Smoke & Spice: Cooking With Smoke, the Real Way to Barbecue 
The trick is, how do you do it? How do you master a cooking technique all but ignored in favor of fast and hot? The answer lies in Smoke & Spice. Authors Jamison and Jamison provide all the information you're ever going to need to run a real barbecue. Tips and techniques abound on every page--accompanied with countless recipes that stretch the barbecue imagination. And seeing that one cannot live on barbecue alone (though that's a challenge well worth considering) there are just as many recipes included for all the good food that accompanies barbecue--from Scalloped Green Chile Potatoes to South-of-the-Border Garlic Soup to Buttermilk Onion Rings and even Bourbon Peaches. If smoke in your eyes makes your mouth water, this is the primer for you! --Schuyler Ingle
Reviews
This book will get you going in the world of BBQ. You'll learn to make your own rubs and BBQ sauces and how to get that great smoky flavor.
The Renowned Mr. Brown is a great recipe in this book. I always get compliments when I do this one. I've also learned to smoke turkeys, chickens, burgers, hot dogs, and a dozens of others from this book. I consider it the BBQ Bible (Sorry Mr. Raichen!)
If you want to learn to do 'que, this is the book for you.
I have a friendly competition with my wifes brother who introduced me to smokeing. he is stricly a "Southern" style smoker. I used this book to really mix things up. I will do Kansas style Brisket, Texas style venison, and Jamacian Jerk Salmon, and serve it with a cole saw that uses a Carolina red sauce.
This book has a lot of great recipes and it also has a lot of great anecdotes that the authors sprinkle in liberally. These little bits and pieces give you a great feel for the zeal that others view this cooking style. The authors loved traveling and gathering this information, and it shines through on every page.
This book was a labor of love, of food and word and i am grateful that they under took this task.

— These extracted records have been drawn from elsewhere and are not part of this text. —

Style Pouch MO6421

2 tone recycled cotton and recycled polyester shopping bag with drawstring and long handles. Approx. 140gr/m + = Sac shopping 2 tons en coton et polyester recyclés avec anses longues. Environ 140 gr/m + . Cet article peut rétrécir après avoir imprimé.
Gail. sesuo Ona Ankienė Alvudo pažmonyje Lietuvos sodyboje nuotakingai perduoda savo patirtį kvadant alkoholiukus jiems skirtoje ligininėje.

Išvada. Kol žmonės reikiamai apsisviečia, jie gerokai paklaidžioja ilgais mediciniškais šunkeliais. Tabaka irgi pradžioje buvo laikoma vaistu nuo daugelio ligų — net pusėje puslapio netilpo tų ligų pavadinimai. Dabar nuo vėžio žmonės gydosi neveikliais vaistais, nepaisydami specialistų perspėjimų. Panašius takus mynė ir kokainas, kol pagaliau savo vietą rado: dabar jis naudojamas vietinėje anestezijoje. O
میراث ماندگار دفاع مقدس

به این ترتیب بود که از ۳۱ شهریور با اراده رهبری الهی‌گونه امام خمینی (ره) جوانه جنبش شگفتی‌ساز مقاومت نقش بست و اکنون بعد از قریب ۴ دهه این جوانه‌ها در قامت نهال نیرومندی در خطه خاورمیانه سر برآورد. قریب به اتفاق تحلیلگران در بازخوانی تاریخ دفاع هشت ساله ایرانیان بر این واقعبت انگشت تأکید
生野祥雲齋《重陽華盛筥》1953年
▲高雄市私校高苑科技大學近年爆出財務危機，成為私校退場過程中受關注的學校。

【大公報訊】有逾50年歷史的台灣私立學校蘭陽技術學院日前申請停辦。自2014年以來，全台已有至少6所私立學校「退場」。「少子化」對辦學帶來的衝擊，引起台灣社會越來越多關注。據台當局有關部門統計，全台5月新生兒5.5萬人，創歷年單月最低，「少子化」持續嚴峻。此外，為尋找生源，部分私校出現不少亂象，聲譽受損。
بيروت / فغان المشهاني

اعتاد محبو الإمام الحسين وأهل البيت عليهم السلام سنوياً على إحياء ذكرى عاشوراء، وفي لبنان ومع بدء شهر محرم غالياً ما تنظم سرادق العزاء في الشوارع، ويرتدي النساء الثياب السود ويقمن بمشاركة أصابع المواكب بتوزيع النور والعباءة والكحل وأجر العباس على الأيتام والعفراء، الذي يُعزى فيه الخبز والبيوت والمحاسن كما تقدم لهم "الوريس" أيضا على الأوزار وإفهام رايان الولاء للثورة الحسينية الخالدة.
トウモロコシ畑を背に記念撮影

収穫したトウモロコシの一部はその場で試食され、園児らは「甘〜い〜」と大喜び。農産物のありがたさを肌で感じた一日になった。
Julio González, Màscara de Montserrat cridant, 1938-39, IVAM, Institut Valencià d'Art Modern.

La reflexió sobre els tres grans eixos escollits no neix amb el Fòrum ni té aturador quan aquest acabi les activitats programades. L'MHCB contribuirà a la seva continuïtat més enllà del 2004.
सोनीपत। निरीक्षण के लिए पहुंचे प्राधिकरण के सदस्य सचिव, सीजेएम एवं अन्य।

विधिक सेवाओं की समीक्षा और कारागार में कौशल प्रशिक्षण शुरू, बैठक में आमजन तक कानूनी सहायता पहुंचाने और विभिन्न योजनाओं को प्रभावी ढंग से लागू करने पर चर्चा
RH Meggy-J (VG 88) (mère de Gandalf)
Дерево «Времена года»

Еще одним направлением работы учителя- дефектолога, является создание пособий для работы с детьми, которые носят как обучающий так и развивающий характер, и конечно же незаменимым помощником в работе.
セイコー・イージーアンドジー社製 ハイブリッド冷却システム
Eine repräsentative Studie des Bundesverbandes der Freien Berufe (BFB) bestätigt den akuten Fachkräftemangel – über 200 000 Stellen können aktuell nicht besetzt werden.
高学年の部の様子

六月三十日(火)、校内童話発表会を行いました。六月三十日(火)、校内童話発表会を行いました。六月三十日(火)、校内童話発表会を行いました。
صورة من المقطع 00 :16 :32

One advantage of a smoke-centric book is that it presents plenty of choices for the items you're most likely to smoke. For instance, most grilling cookbooks (even the best) have only one or two recipes for pulled pork. Smoke & Spice has almost a half dozen. General grill books only expect you to use the smoker for big meaty items, such as ribs or brisket; this cookbook has a vegetarian smoker-cooked recipe for red peppers stuffed with corn, suitable for a summer lunch. (We had the Jamaican Jerk Pork in the smoker already, on the lower rack, so cooking the peppers was accomplished for free.)

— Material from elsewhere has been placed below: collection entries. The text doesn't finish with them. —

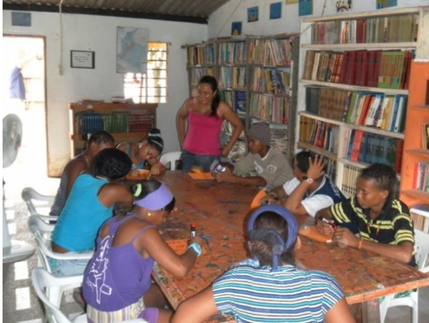
3. Clima de confianza, reconocimiento y respeto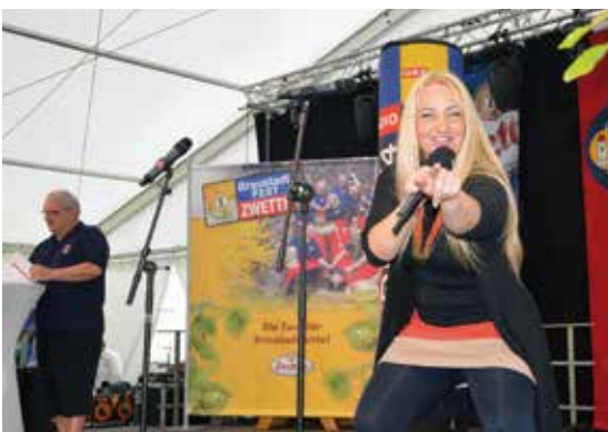
ORF-Sendung Radio 4/4: Styrina heizte den Besuchern so richtig ein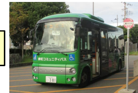
コミュニティバス運行事業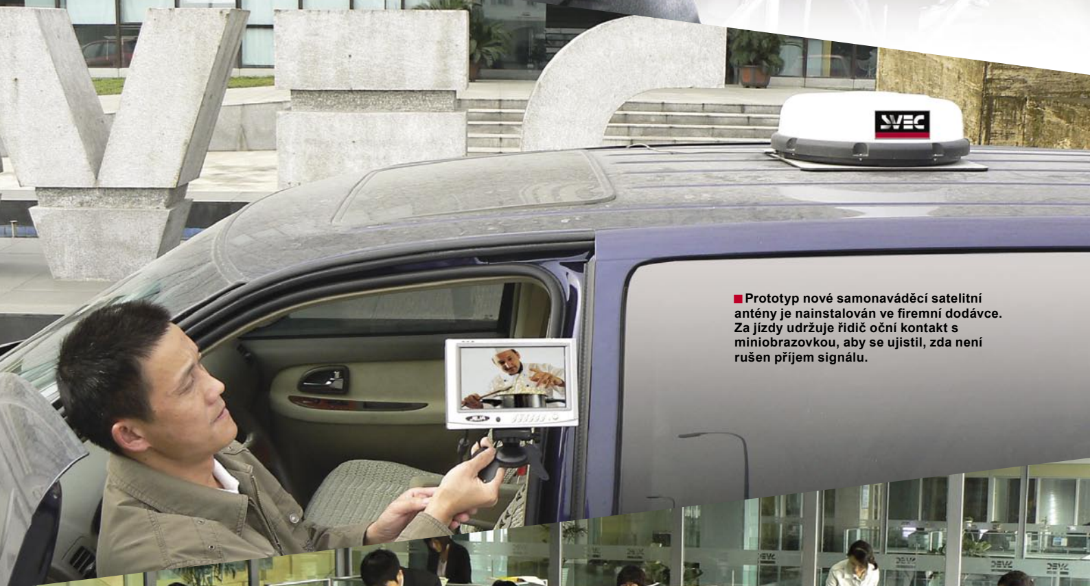
■ Prototyp nové samonaváděcí satelitní antény je nainstalován ve firmní dodávce. Za jízdy udržuje řidič oční kontakt s miniobrázkovkou, aby se ujistil, zda není rušen příjem signálu.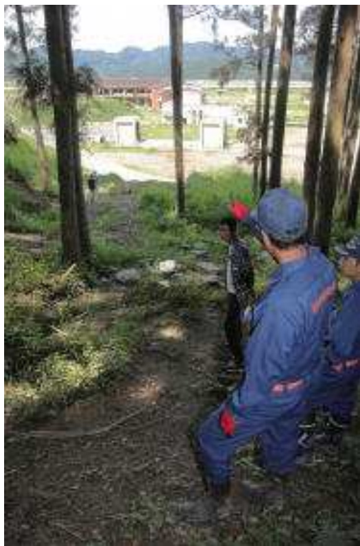
亡くなった児童の保護者らが「ここに避難させてほしかった」と訴える学校近くの山道。校舎(奥)から歩いて数分の距離

東日本大震災の津波で全校児童108人の7割に当たる74人が死亡、行方不明になった石巻市大川小の惨事から、間もなく半年がたつ。河北新報社の取材に応じた児童や住民らの証言で、当時は現場にスクールバスが待機していたことや、高台への避難を相談していた状況が浮かび上がった。学校管理下で児童が犠牲になった事例として戦後最悪とされる今回の被害は、避けられた可能性もあると指摘する関係者もいる。(藤田杏奴、野内貴史)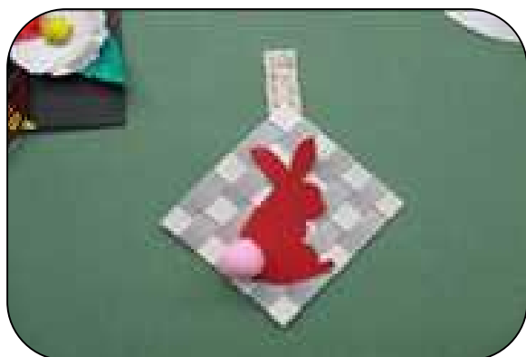
冬休み工作 ウサギの壁掛け

その他：申込用紙及び申込案内につきましては、後日、本校全児童の皆さん（現1年生～5年生）にお配りいたしますので、よろしく願いいたします。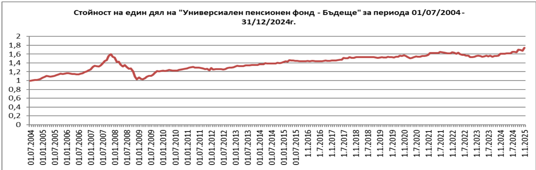
Стойност на един дял на ФДЗПО управлявани от „Пенсионно осигурително дружество – Бъдеще“ АД за периода 01/07/2004г. – 31/12/2024г.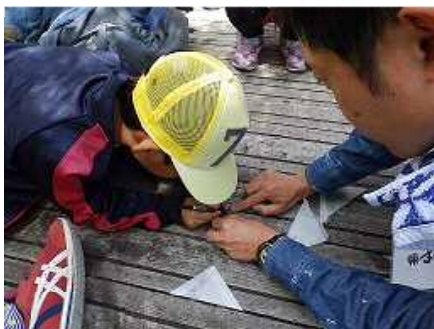
マーキングの様子

朝 8:30 に桶ヶ谷沼ビジターセンターを出発し、マイクロボス2台で「天竜の森」へ向かい、毎年行っているアキアカネの個体数調査を行いました。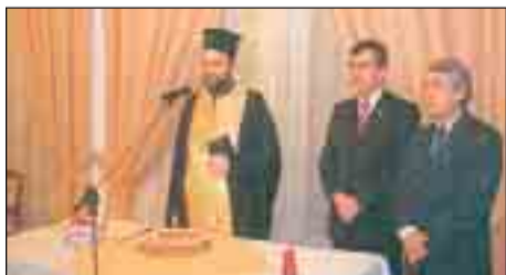
Το ΤΣ Δωδεκανήσου κατά την ευλογία της πίτας.

ΑΔΤΕ, δόθηκε η ευκαιρία να ξανασυναντηθούμε, να ανταλλάξουμε ευχές και να περάσουμε ένα όμορφο βράδυ.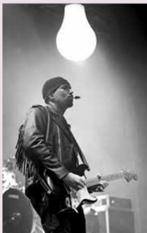
Edo - guitar, backing vocals, keyboards « The Edge »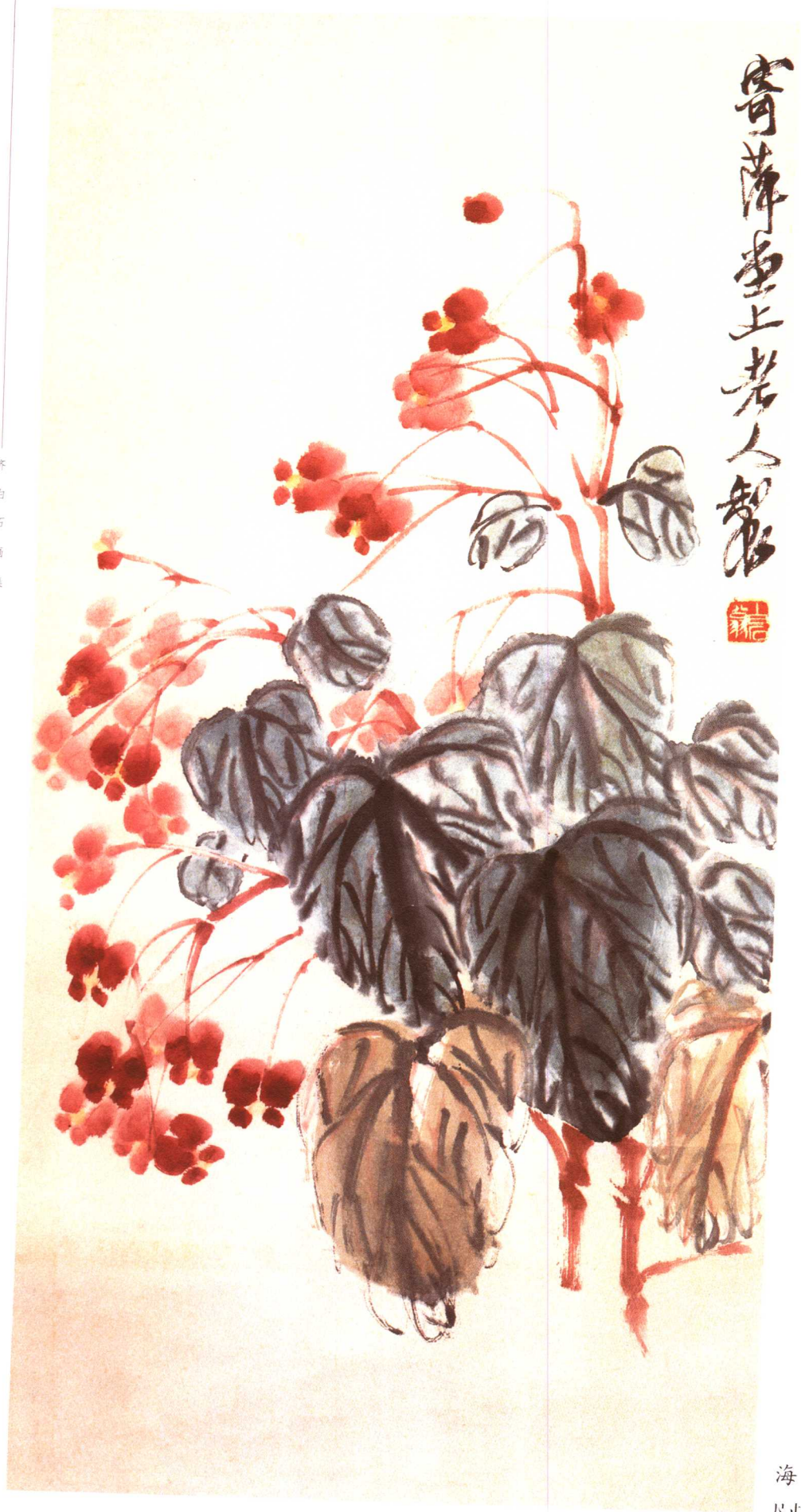
海棠 尺寸不详 私人藏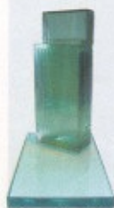
Balanço Anual 2007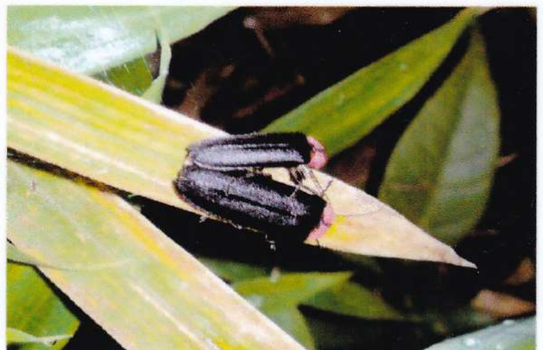
34 ゲンジボタルの交尾

I've tried a half dozen recipes already, and every one of them is a winner: mango-habanero sauce and Jamaican BBQ sauce were a mighty fine accompaniment to the pulled pork, and those peppers were a simple but delicious luncheon. I did expect top quality recipes, as I'm a big fan of their other cookbooks (I've worn out their breakfast book, for example); this book certainly lived up to my high expectations. Recommended.